01 September 2003
How safe is open?
Open systems work fine, but you increase security risks.
By John C. Grebe Jr.
There has been an almost universal adoption of open system architectures based on commercial operating systems and open networking components in new control systems developed over the past ten years. The trend started as cost effective PC-based human-machine interface (HMI), and engineering stations with optional use of Ethernet have recently extended to just about all layers of new control systems. The benefits of this approach are many, which has helped to drive this rapid adoption. The open technology, however, also brings new risks often not fully recognized by users. The older, more structured proprietary systems, while less flexible, naturally applied a layer of protection that is no longer present unless specifically added or preserved in new systems.

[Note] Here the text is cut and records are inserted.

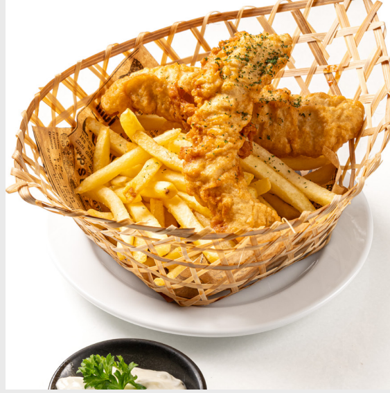
ฟิชแอนด์ชิปส์ FISH & CHIPS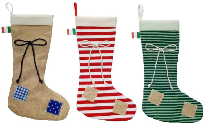
11547 – CALZA SPECIAL MIX CM.34 PZ.3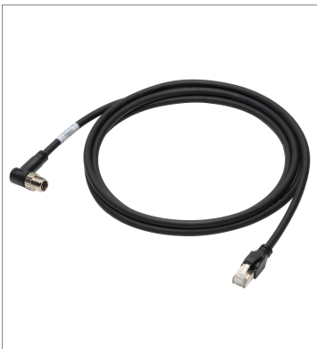
Ethernet Cable (Bend Resistant) FHV-VNLB2 2M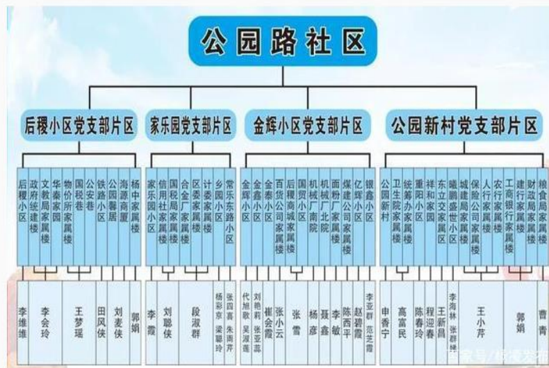
公园路社区组织机构图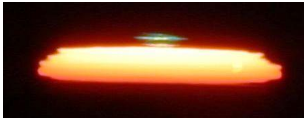
Rayo verde

Las primeras noticias de ese fenómeno extraordinario de la naturaleza llegaron en manos de Julio Verne con su clásico “El Rayo Verde” (Le Rayon Vert, originalmente publicado por entregas en Le Temps en 1882). La historia, que conmovió la mente juvenil, fue olvidada hasta que un astrónomo de renombre, a propósito de su cita en la novela “Salvajes Palmeras del Pájaro Blanco”, comentó al autor que desde Mauna Kea en Hawai había sido espectador del fugaz fenómeno, al que tildó de espectacular.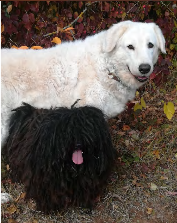
Edelény Kerti Írisz mit stolzen 12 Jahren; Stammhündin der Zuchtstätte Mézeshegyi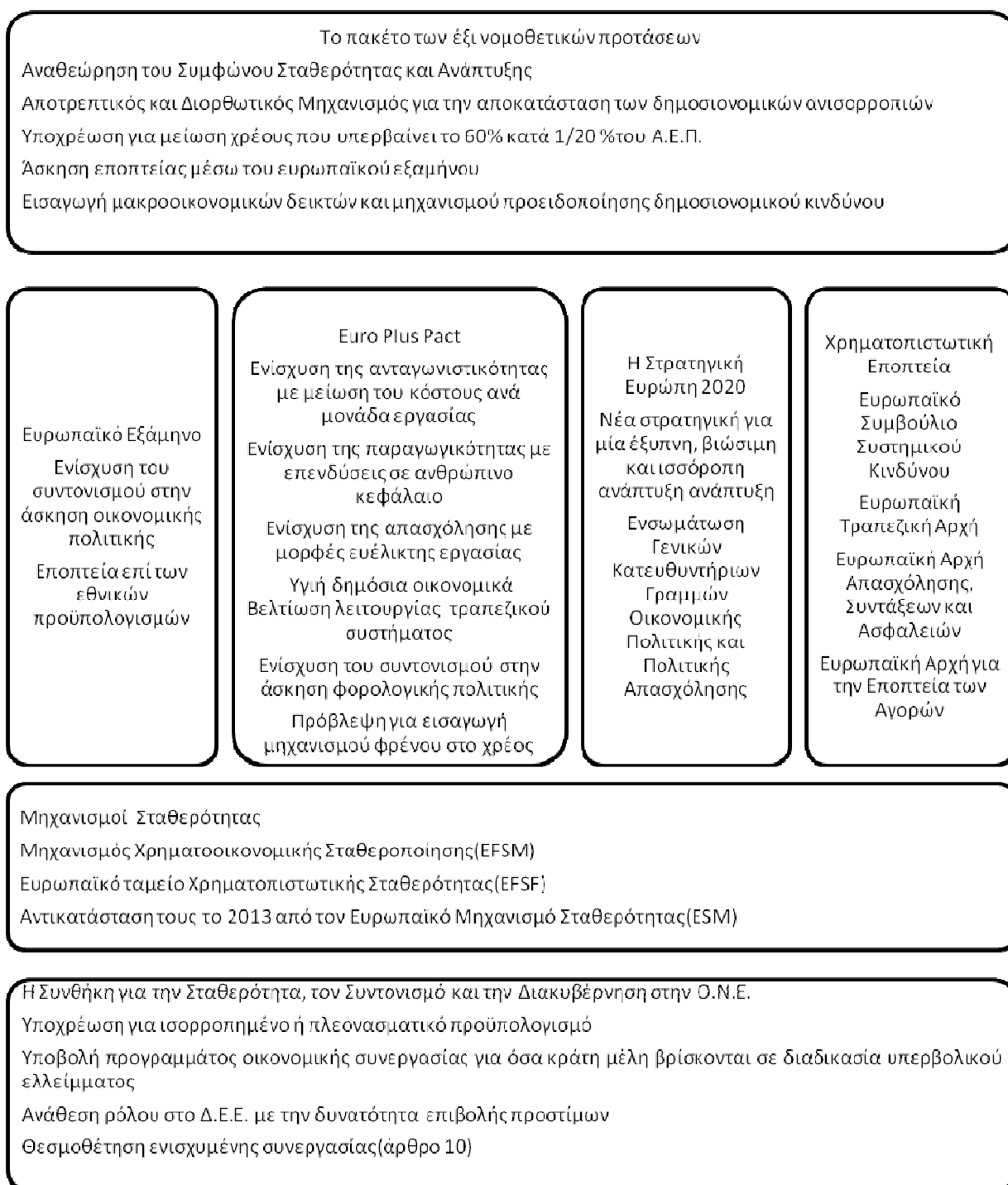
Σχήμα 2. Η αρχιτεκτονική της ευρωπαϊκής οικονομικής διακυβέρνησης 160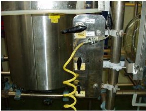
조작레버 하부에 기능표시 X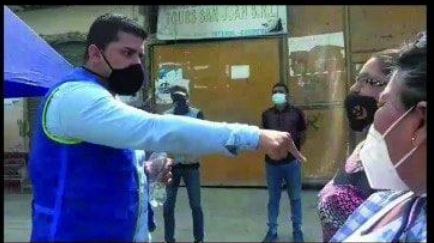
El dictador de la Municipalidad de Tumbes le baja el dedo a los comerciantes de Tumbes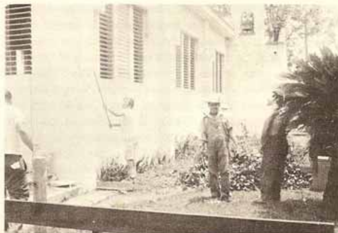
Iglesia Sagrada Familia.

La Junta Parroquial de Sagrada Familia y -El Comité Fondo Restauración Templo.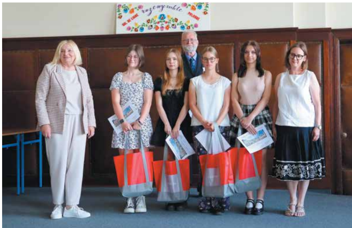
Konkurs języka francuskiego to już tradycja międzynarodowych kontaktów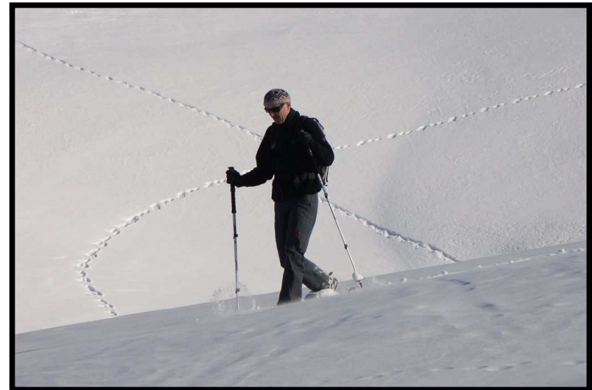
Günther im Fadenkreuz der Schneehasen.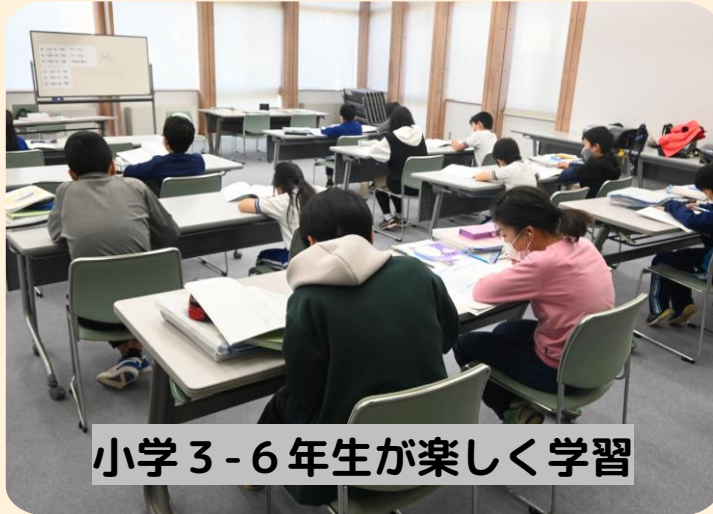
小学3-6年生が楽しく学習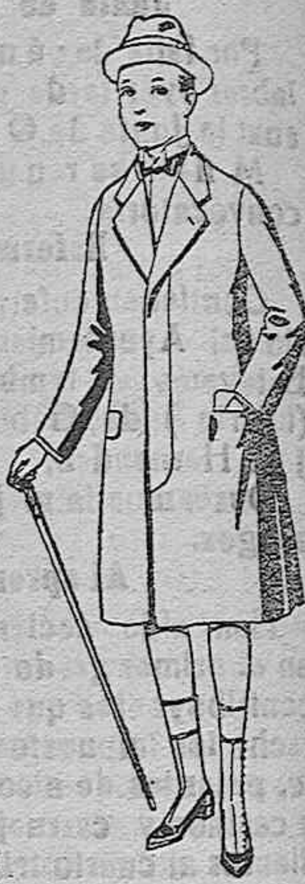
Gabanes de patén, para niños de 10 a 12 años. De ptas. 18 a 55. Los mismos, para juveniles de 13 a 16 años. De ptas. 21 a 58

GRAN EXPOSICION DE ARTICULOS DE LA TEMPORADA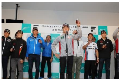
過去のシーズンエンドパーティーの様子

スーパーフォーミュラ2018年シーズンを締めくくるお客様参加型のパーティーイベントで、最終的に年間ドライバーポイント1位～6位までに入ったトップドライバーと、今年デビューのルーキードライバーたちが出演します。ドライバーのサイン入りグッズが当たる大抽選会なども実施いたします。またスペシャルゲストとして小林可梦偉選手のトークショーも実施予定です。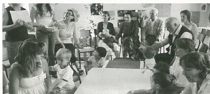
Têtes blondes et têtes grises dans les locaux de la crèche...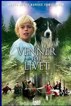
Encontrando Amigos. 2005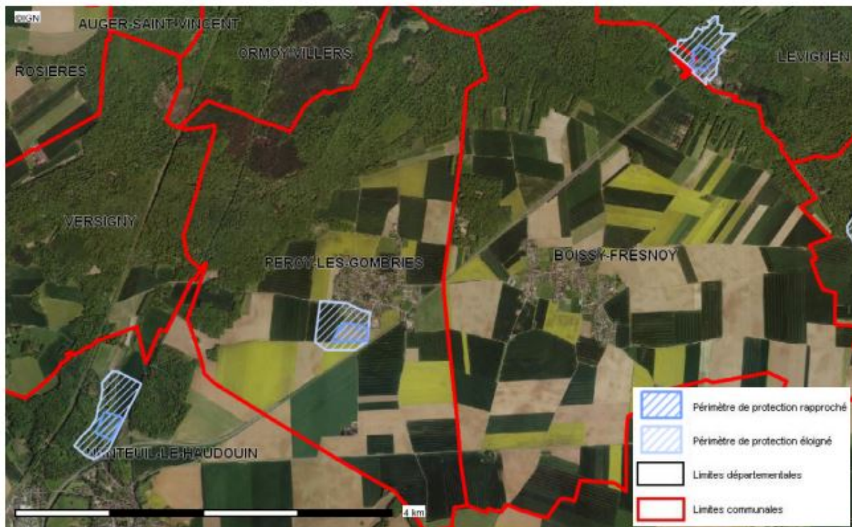
Carte publiée par l'application CARTELIE © Ministère de la Transition Écologique CP2I (DOMETER)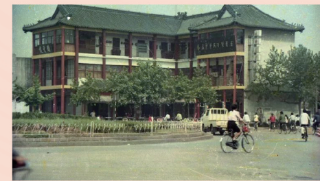
三角花园一凌云阁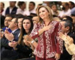
LA GOBERNADORA de Tlaxcala, ayer.

ES UNA ENTIDAD donde se puede estudiar, trabajar y tener salud, afirma la gobernadora en su primer informe; destaca ser un gobierno con sello de la 4T. pág. 7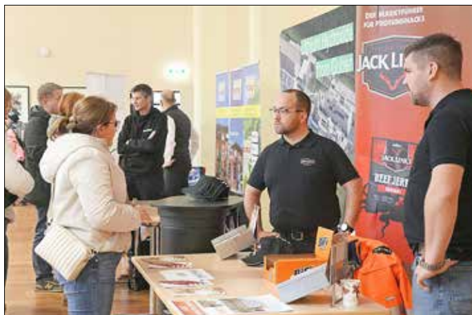
Besucher kamen gezielt mit den Arbeitgebern ins Gespräch.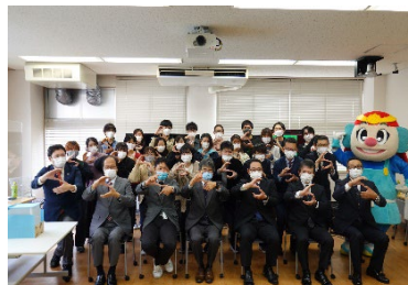
* SETOKU 結成時の写真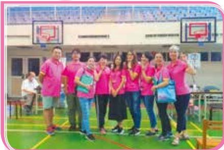
▲ 支援校內健康檢查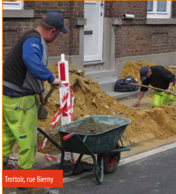
Trottoir, rue Bierny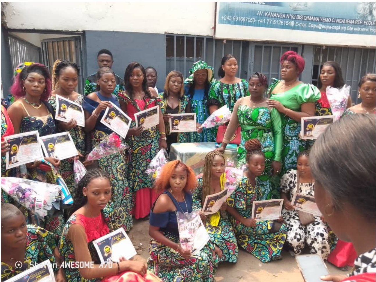
Nouvelles diplômées avec brevet, Centre de formation Kinshasa, 2024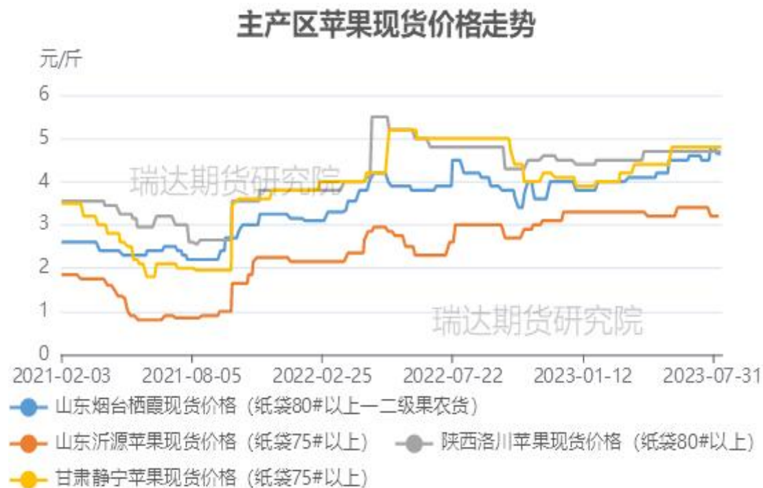
图、主产区苹果现货价格走势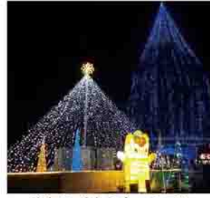
昨年のイルミネーション

渋川駅前広場および渋川駅前通りをメイン会場にして、「渋川まちなかイルミネーション」を開催します。色鮮やかに電飾された街路樹や噴水のモニュメント、市内高校生が作成したオブジェなど、約7万2千球のイルミネーションがまちなかの夜を彩ります。初日には、点灯式と市内高校生などのミニコンサートをを行います。 点灯期間 11月28日(土)～令和3年1月31日(日) 点灯時間 午後5時～10時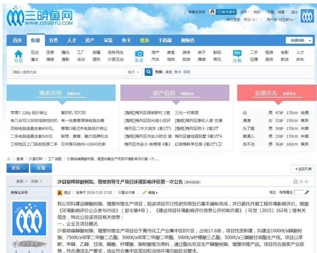
图 2-1-2 首次环境影响评价信息网络公开截图

首次环境影响评价信息公开在公司官方网站上进行, 公示起始时间为 2019 年 7 月 23 日至 2019 年 8 月 6 日, 首次环境影响评价信息公开公告登入网址: http://bbs.0598yu.com/forum.php?mod=viewthread&tid=591962&extra=page%3D1 , 截图见图 2-1-2。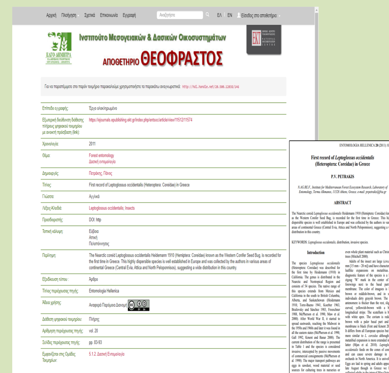
Εικόνα 4. Παράδειγμα αναζήτησης και ανάκτησης τεκμηρίου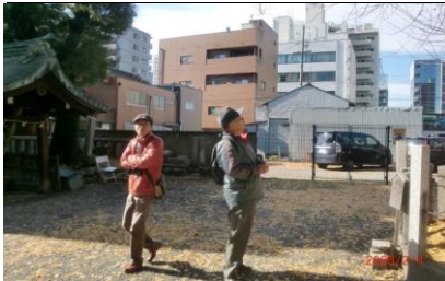
8823 金山神社の銀杏を仰ぎ見て

The topic of control system security is more complex because of the wide set of cross-disciplinary knowledge required for comprehensive review and planning. Knowledge of the chemicals involved in the process and their possible misuses needs to combine with knowledge of the process control system, computer networking, computer software, and security scenarios.
Old and new
A traditional distributed control system (DCS) segregates its processing components into multiple distinct layers, each separated by its own distinct layer of communications. The bottom communication layer connects proprietary I/O to the actual sensors and actuators that interface with the process. The next level provides a proprietary communications link between the I/O and the proprietary controllers. Above this is a proprietary peer-to-peer network, which can communicate between the controllers and data server(s). The HMI can either share the control bus or have its own proprietary bus connected to the data server(s), depending on scalability and distance requirements. At the top, servers on the control or HMI bus bridge information to and from the proprietary DCS buses and the open and typically Ethernet plant local area network (LAN). This layered and partitioned approach preserves performance and limits the impact of failures.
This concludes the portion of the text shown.